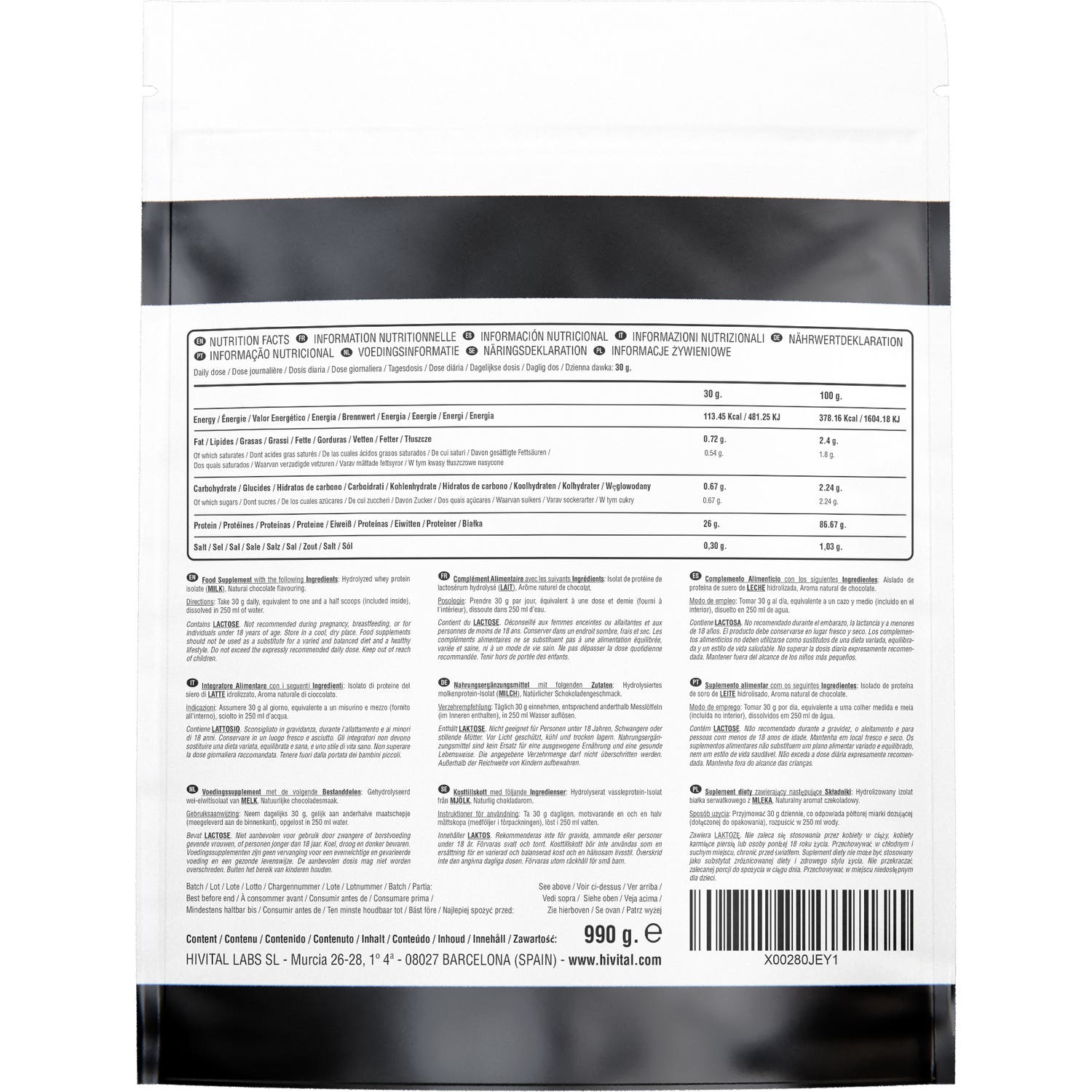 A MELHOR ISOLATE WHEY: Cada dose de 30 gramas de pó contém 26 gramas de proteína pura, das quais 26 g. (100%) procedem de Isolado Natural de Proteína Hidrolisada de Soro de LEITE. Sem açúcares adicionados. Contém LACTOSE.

--

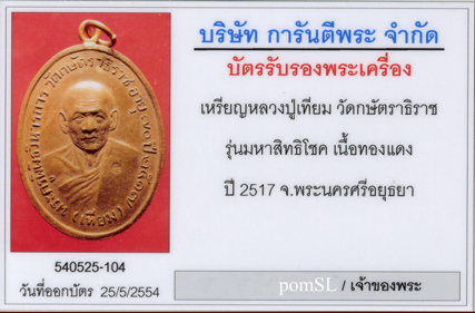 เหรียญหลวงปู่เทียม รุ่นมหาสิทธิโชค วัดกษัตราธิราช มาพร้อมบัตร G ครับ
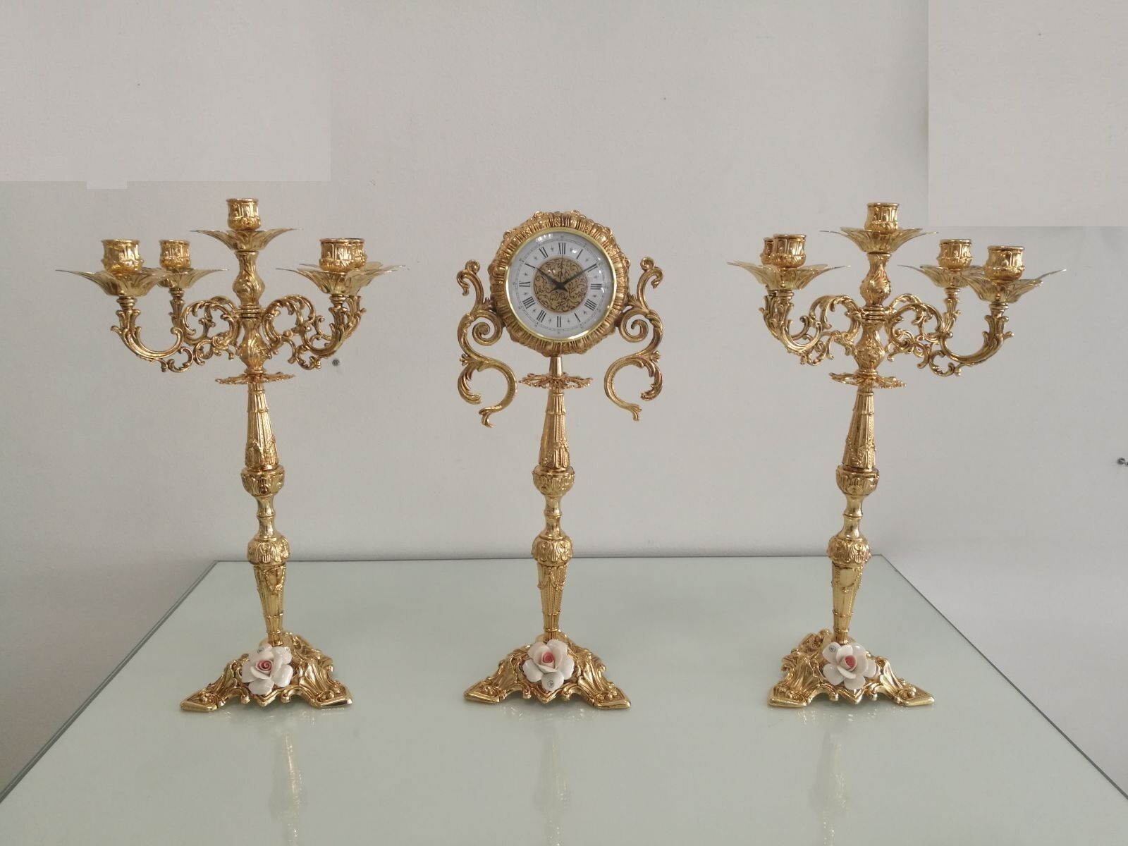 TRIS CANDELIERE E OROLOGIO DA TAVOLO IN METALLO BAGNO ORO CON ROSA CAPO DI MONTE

* * *

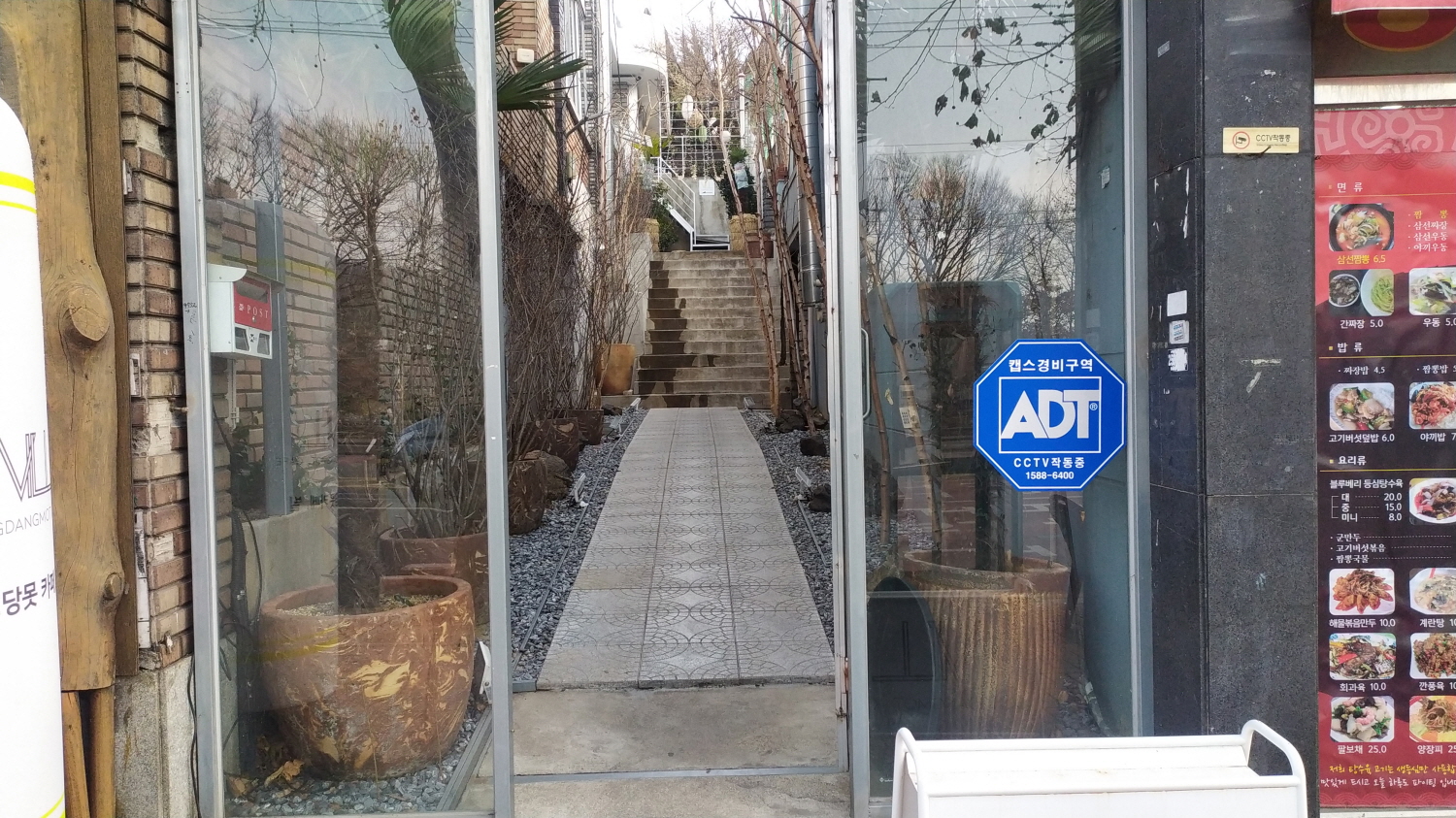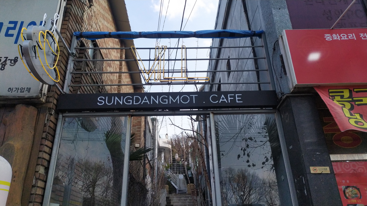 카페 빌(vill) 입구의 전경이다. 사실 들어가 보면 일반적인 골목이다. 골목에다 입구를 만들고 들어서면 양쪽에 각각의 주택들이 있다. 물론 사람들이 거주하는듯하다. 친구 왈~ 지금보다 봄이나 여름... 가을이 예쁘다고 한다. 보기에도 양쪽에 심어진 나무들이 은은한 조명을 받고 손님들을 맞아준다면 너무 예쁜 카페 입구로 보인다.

● **YOUR TASK**: In the listing above, find the line with "เหรียญหลวงปู่เทียม รุ่นมหาสิทธิโชค วัดกษัตราธิราช" and the line with "TRIS CANDELIERE E". Transcribe those two and everything between, exactly, leaving out pictures.

● **ANSWER SECTION**:
 เหรียญหลวงปู่เทียม รุ่นมหาสิทธิโชค วัดกษัตราธิราช มาพร้อมบัตร G ครับ
 TRIS CANDELIERE E OROLOGIO DA TAVOLO IN METALLO BAGNO ORO CON ROSA CAPO DI MONTE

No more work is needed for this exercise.